* [Task data]:
......

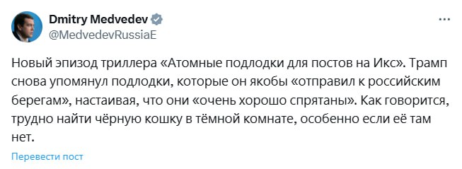 Сам Дмитрий Медведев не остался в стороне и ответил в соцсетях. Его комментарий можно смело отправлять на фестиваль политической сатиры: он сравнил слова Трампа с «лютым голливудским триллером» и «классикой американского кино категории B». А потом добавил цитату из советского детективного сериала: мол, «трудно найти черную кошку в темной комнате, особенно если ее там нет». Переводя с дипломатического на человеческий язык: никаких подлодок у берегов России никто так и не увидел.
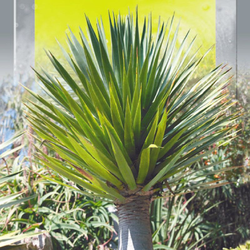 Растение формирует ствол дерева высотой до 100 см, на вершине которого располагается розетка длинных саблевидных листьев серо-зеленого цвета со светлыми контрастными жилками.
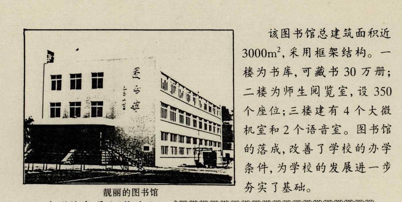 1998年9月1日,学校新建图书馆正式启用,楼内设大厅、两个书库、一个采编室。南书库为上下两层结构,内置新购一体铁制书架244个;北书库暂作教材库使用,待日后藏书量增加,再做书库使用。每个书库设计藏书量为15万册。二楼设有一个阅览室和一个教师资料室。阅览室有座位400个,资料室有各类教学资料3500余册供教师查阅。三楼设有一个多媒体教学室,内存图书及其他光盘100余张,并同一楼微机联网使用,教师既可以在机上备课、制作软件,又可以在机上进行图书目录查询阅读等工作。
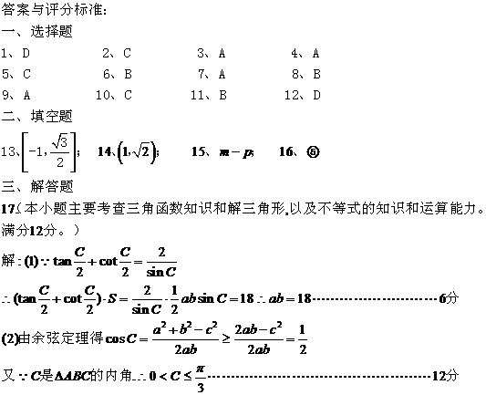安顺市2010年高考数学模拟试卷(二)答案与评分标准
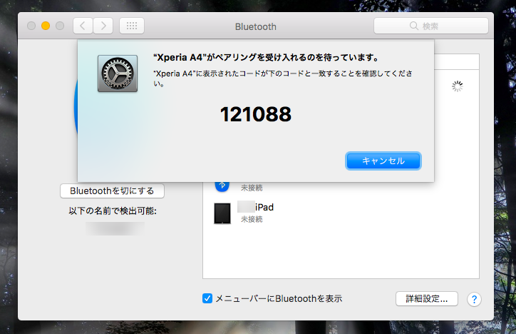 然后,Mac 上将显示一个数字代码,并显示消息“正在等待 Xperia 接受配对”。
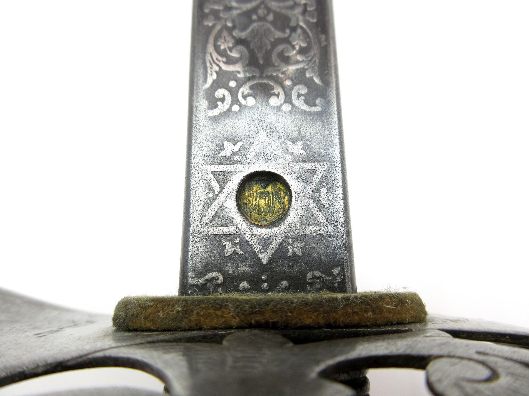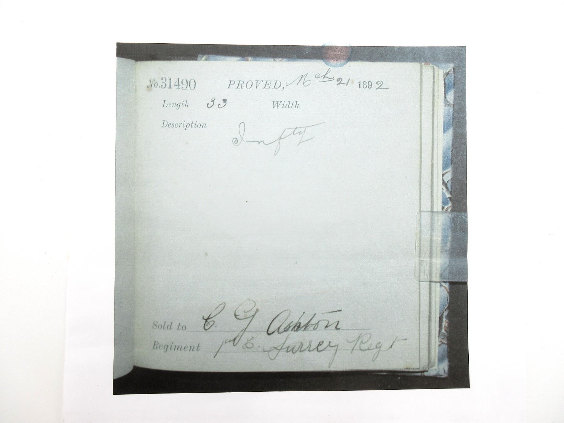 (1) 1892 PATTERN SWORD RE-HILTED WITH 1895 PATTERN HILT, SINGLE-FULLERED BLADE, RICASSO ACID ETCHED: "HENRY, WILKINSON, PALL, ????, LONDON" (PARTIALLY FADED), BLADE ACID ETCHED: "CGA (CHARLES GOUGH ASHTON), CROWN OVER CYPHER & OTHER DECORATIVE ETCHINGS, OTHER-SIDE ACID ETCHED: SIX POINTED STAR WITH "HW" IN THE CENTER, BOARS HEAD CREST WITH "FIDE ET AMORE", CROWN OVER VICTORIA COAT OF ARMS & OTHER DECORATIVE ETCHINGS, BLADE SPINE MARKED: "31490", LEATHER BUFFER PAD / WASHER, DECORATIVE STEEL HILT MARKED: "STEEL HILT" & VICTORIA CYPHER DESIGNED IN HILT, WIRE WRAPPED GRIP, METAL POMMEL, NO VISIBLE MARKINGS, STEEL SCABBARD WITH TWO HANGERS, NO VISIBLE MARKINGS, BLADE APPROX. 32.25", OAL APPROX. 38 1/8" & (1) SET OF RESEARCH PAPERS DETAILING THE SWORD, PROVING THE SWORD TO HAVE BELONGED TO CHARLES GOUGH ASHTON & DETAILING CHARLES GOUGH ASHTON & HIS MILITARY CAREER. SEE PHOTOS.
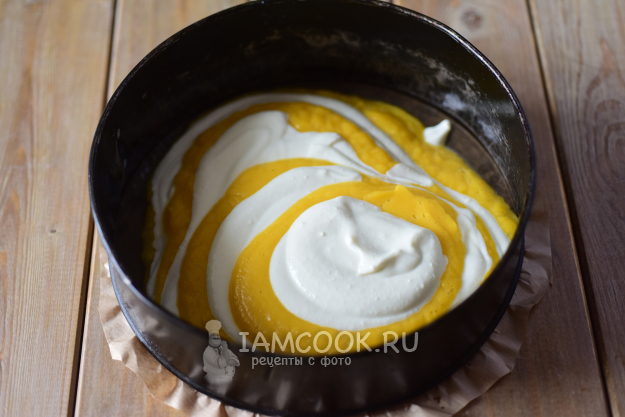 Приступить к сборке запеканки: сначала на середину формы выложить две столовые ложки творожного слоя, затем сверху выложить две столовые ложки тыквенного слоя, не тревожа первый слой. Так, чередуя тыквенный и творожный слои, выложить обе смеси до полного расхода.
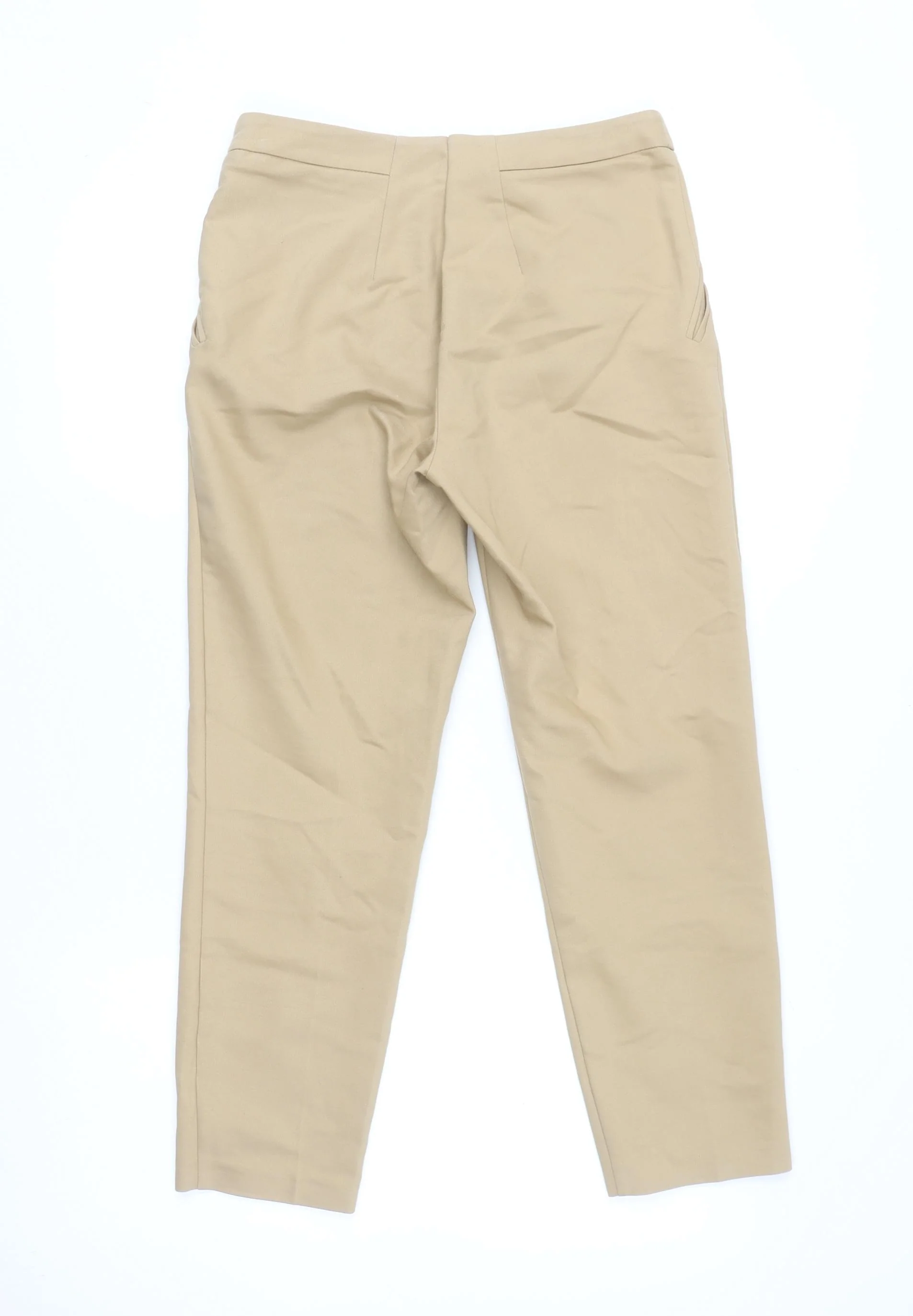 Topshop Women Beige Chino Tapered Trousers Size 10 Stretch Comfort
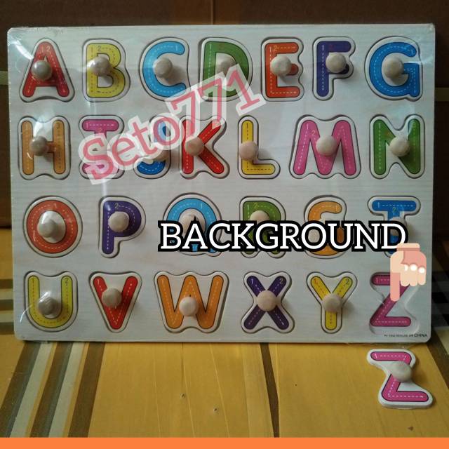 Puzzle Kayu Dengan Background Edukatif Huruf Angka Knob Puzle
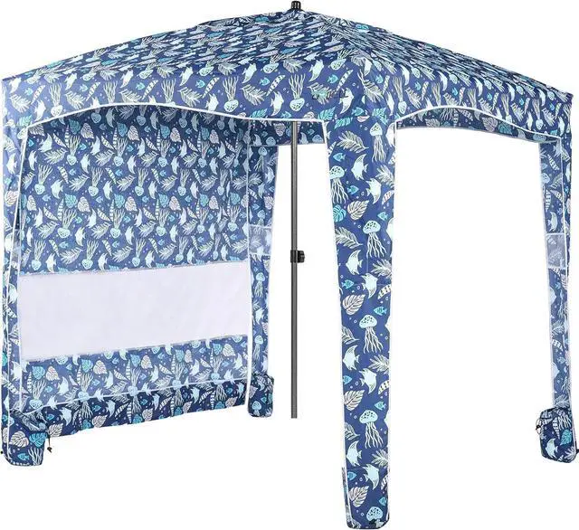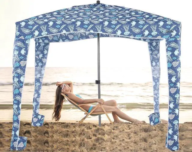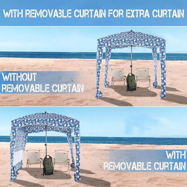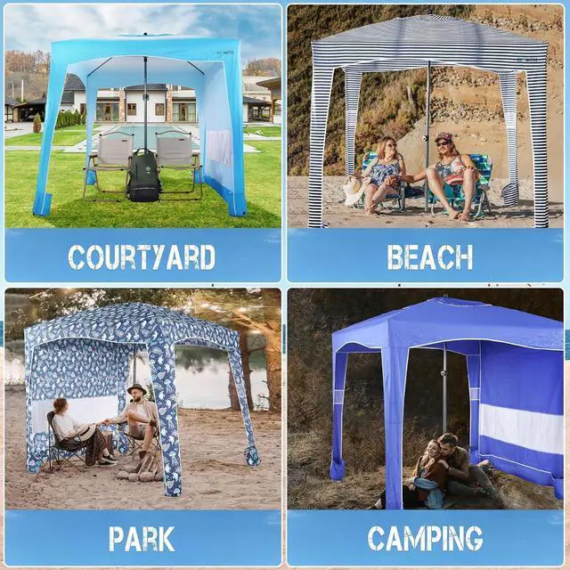 Design and Multi-Purpose - The sides of the beach cabana have a built-in sandbag which can be filled with sand to make the umbrella more stable and it has a pocket on each corner to store your sunglasses, cell phone and other small items. You can use it at the beach, camping, pool, park, market and many other places.
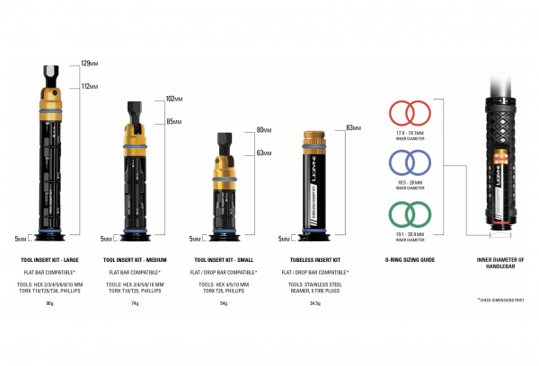 Le multi-outils, Tool Insert Kit, est construit en aluminium usiné léger et durable et comprend des embouts en acier trempé. Le kit est facilement accessible pour des réparations rapides et est livré avec cinq (petits), huit (moyens) ou 11 (grands) outils différents.
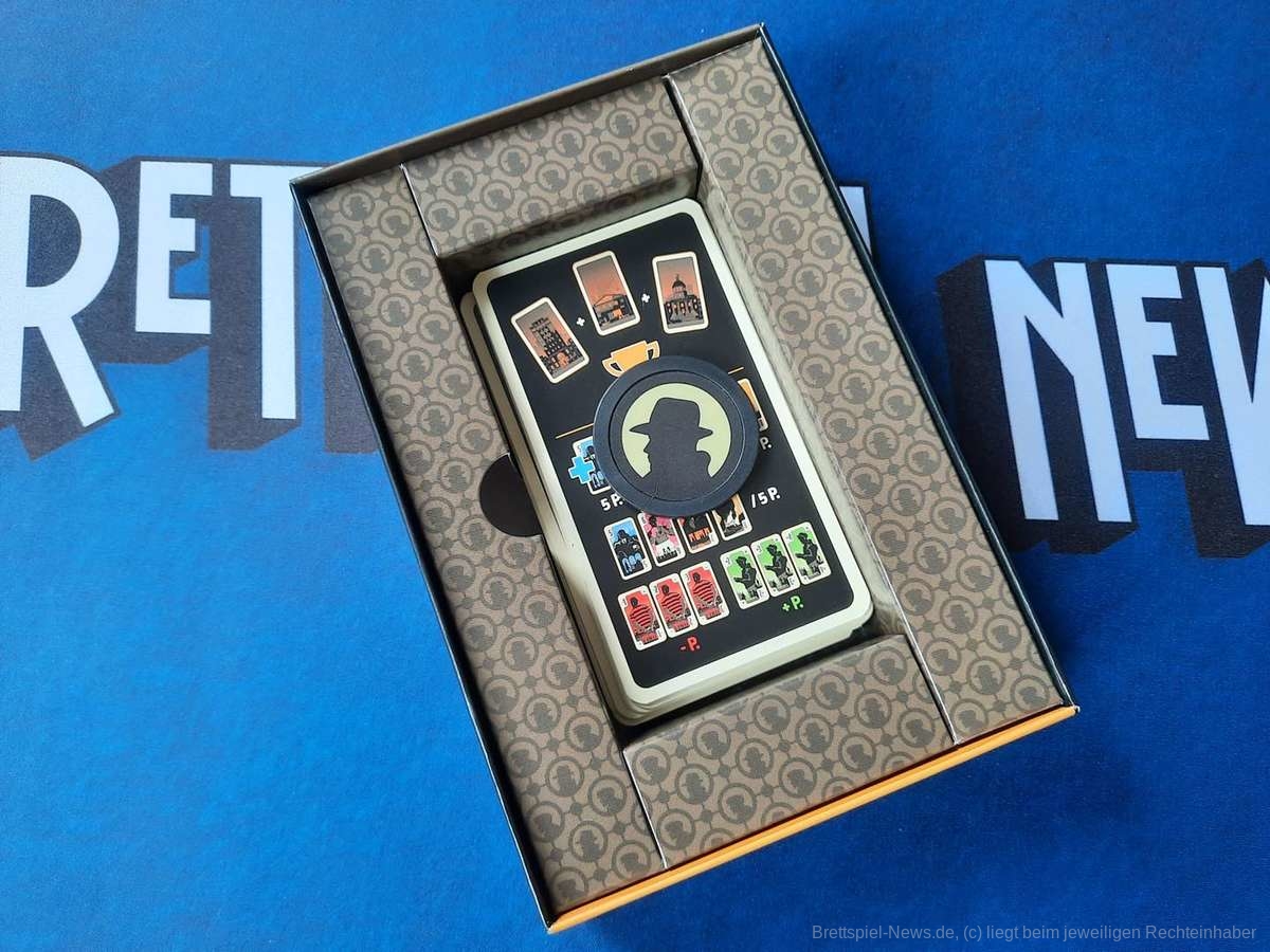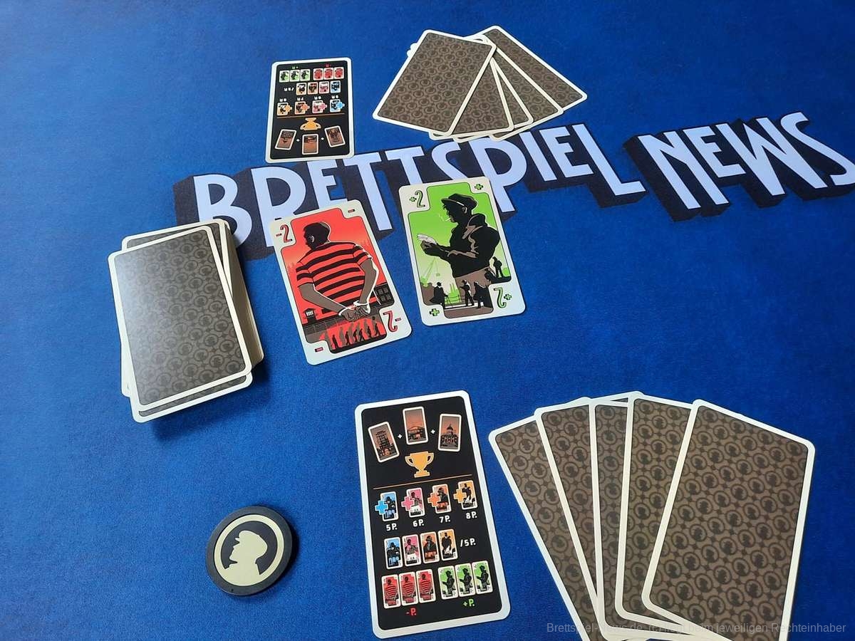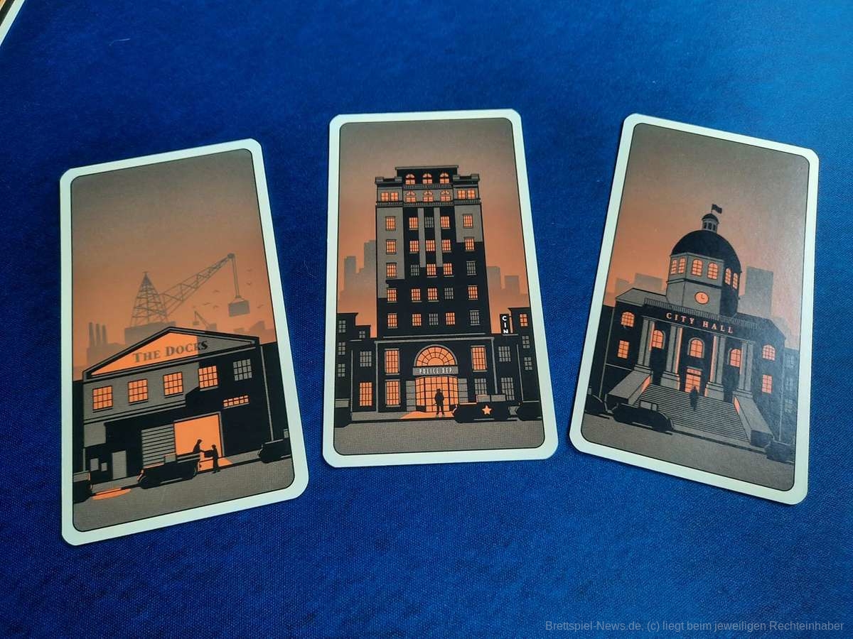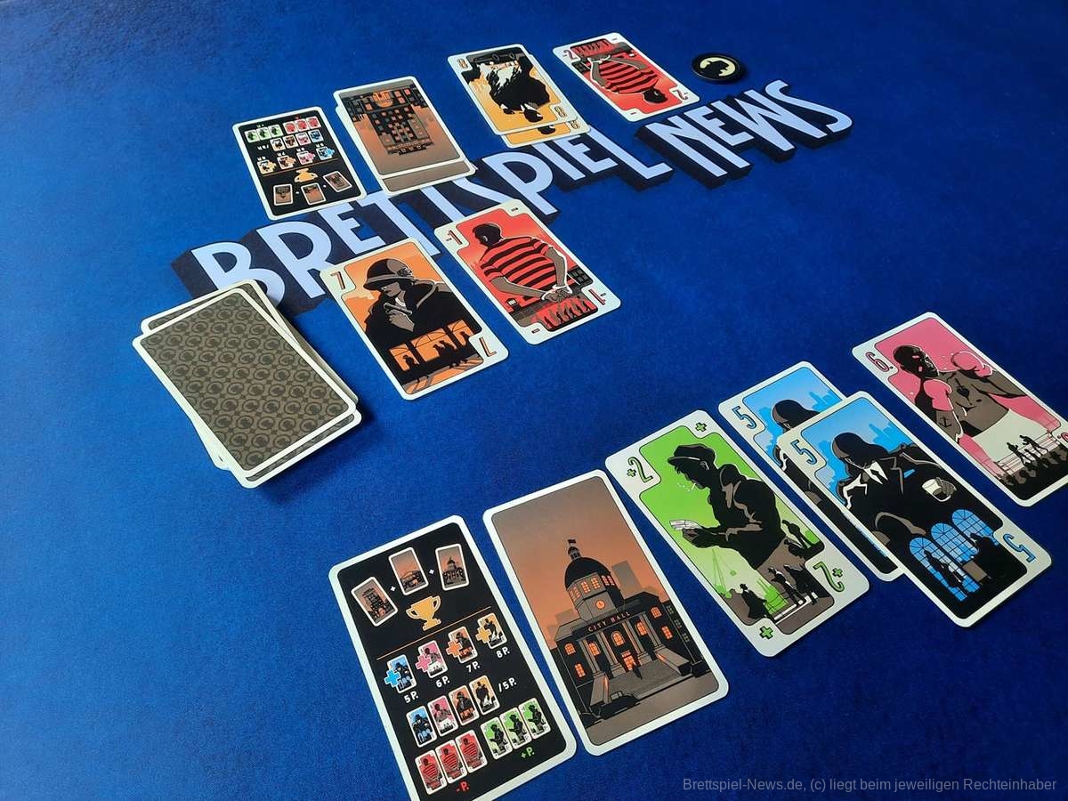 Die Karten teilen sich in Bandenkarten mit den Werten 5,6,7 und 8 auf. Jede Bandenkarte ist ihrem Wert entsprechend oft im Stapel, d.h. eine Fünf ist fünfmal im Stapel usw. Wer am Ende des Spiels die meisten Karten eines Wertes vor sich ausliegen hat, bekommt entsprechend viele Punkte. Habe ich zum Spielende zum Beispiel mehr Achten als die Gegenseite bekomme ich dafür acht Punkte. Zusätzlich bietet das Spiel noch Bündnis- und Verrat-Karten, welche Plus- oder Minuspunkte einbringen, sowie drei Gebäudekarten. Wer im Laufe des Spiels alle drei Gebäudekarten hat, gewinnt sofort und es werden keine Punkte mehr gezählt.

......

* [Try it]:
Produce a word-for-word version of the material, with no pictures included.

* [Exercise output]:
 Сам Дмитрий Медведев не остался в стороне и ответил в соцсетях. Его комментарий можно смело отправлять на фестиваль политической сатиры: он сравнил слова Трампа с «лютым голливудским триллером» и «классикой американского кино категории B». А потом добавил цитату из советского детективного сериала: мол, «трудно найти черную кошку в темной комнате, особенно если ее там нет». Переводя с дипломатического на человеческий язык: никаких подлодок у берегов России никто так и не увидел.
 Растение формирует ствол дерева высотой до 100 см, на вершине которого располагается розетка длинных саблевидных листьев серо-зеленого цвета со светлыми контрастными жилками.
 1998年9月1日,学校新建图书馆正式启用,楼内设大厅、两个书库、一个采编室。南书库为上下两层结构,内置新购一体铁制书架244个;北书库暂作教材库使用,待日后藏书量增加,再做书库使用。每个书库设计藏书量为15万册。二楼设有一个阅览室和一个教师资料室。阅览室有座位400个,资料室有各类教学资料3500余册供教师查阅。三楼设有一个多媒体教学室,内存图书及其他光盘100余张,并同一楼微机联网使用,教师既可以在机上备课、制作软件,又可以在机上进行图书目录查询阅读等工作。
安顺市2010年高考数学模拟试卷(二)答案与评分标准
 然后,Mac 上将显示一个数字代码,并显示消息“正在等待 Xperia 接受配对”。
 (1) 1892 PATTERN SWORD RE-HILTED WITH 1895 PATTERN HILT, SINGLE-FULLERED BLADE, RICASSO ACID ETCHED: "HENRY, WILKINSON, PALL, ????, LONDON" (PARTIALLY FADED), BLADE ACID ETCHED: "CGA (CHARLES GOUGH ASHTON), CROWN OVER CYPHER & OTHER DECORATIVE ETCHINGS, OTHER-SIDE ACID ETCHED: SIX POINTED STAR WITH "HW" IN THE CENTER, BOARS HEAD CREST WITH "FIDE ET AMORE", CROWN OVER VICTORIA COAT OF ARMS & OTHER DECORATIVE ETCHINGS, BLADE SPINE MARKED: "31490", LEATHER BUFFER PAD / WASHER, DECORATIVE STEEL HILT MARKED: "STEEL HILT" & VICTORIA CYPHER DESIGNED IN HILT, WIRE WRAPPED GRIP, METAL POMMEL, NO VISIBLE MARKINGS, STEEL SCABBARD WITH TWO HANGERS, NO VISIBLE MARKINGS, BLADE APPROX. 32.25", OAL APPROX. 38 1/8" & (1) SET OF RESEARCH PAPERS DETAILING THE SWORD, PROVING THE SWORD TO HAVE BELONGED TO CHARLES GOUGH ASHTON & DETAILING CHARLES GOUGH ASHTON & HIS MILITARY CAREER. SEE PHOTOS.
 Приступить к сборке запеканки: сначала на середину формы выложить две столовые ложки творожного слоя, затем сверху выложить две столовые ложки тыквенного слоя, не тревожа первый слой. Так, чередуя тыквенный и творожный слои, выложить обе смеси до полного расхода.
 Topshop Women Beige Chino Tapered Trousers Size 10 Stretch Comfort
 Puzzle Kayu Dengan Background Edukatif Huruf Angka Knob Puzle
 Design and Multi-Purpose - The sides of the beach cabana have a built-in sandbag which can be filled with sand to make the umbrella more stable and it has a pocket on each corner to store your sunglasses, cell phone and other small items. You can use it at the beach, camping, pool, park, market and many other places.
 Le multi-outils, Tool Insert Kit, est construit en aluminium usiné léger et durable et comprend des embouts en acier trempé. Le kit est facilement accessible pour des réparations rapides et est livré avec cinq (petits), huit (moyens) ou 11 (grands) outils différents.
 Die Karten teilen sich in Bandenkarten mit den Werten 5,6,7 und 8 auf. Jede Bandenkarte ist ihrem Wert entsprechend oft im Stapel, d.h. eine Fünf ist fünfmal im Stapel usw. Wer am Ende des Spiels die meisten Karten eines Wertes vor sich ausliegen hat, bekommt entsprechend viele Punkte. Habe ich zum Spielende zum Beispiel mehr Achten als die Gegenseite bekomme ich dafür acht Punkte. Zusätzlich bietet das Spiel noch Bündnis- und Verrat-Karten, welche Plus- oder Minuspunkte einbringen, sowie drei Gebäudekarten. Wer im Laufe des Spiels alle drei Gebäudekarten hat, gewinnt sofort und es werden keine Punkte mehr gezählt.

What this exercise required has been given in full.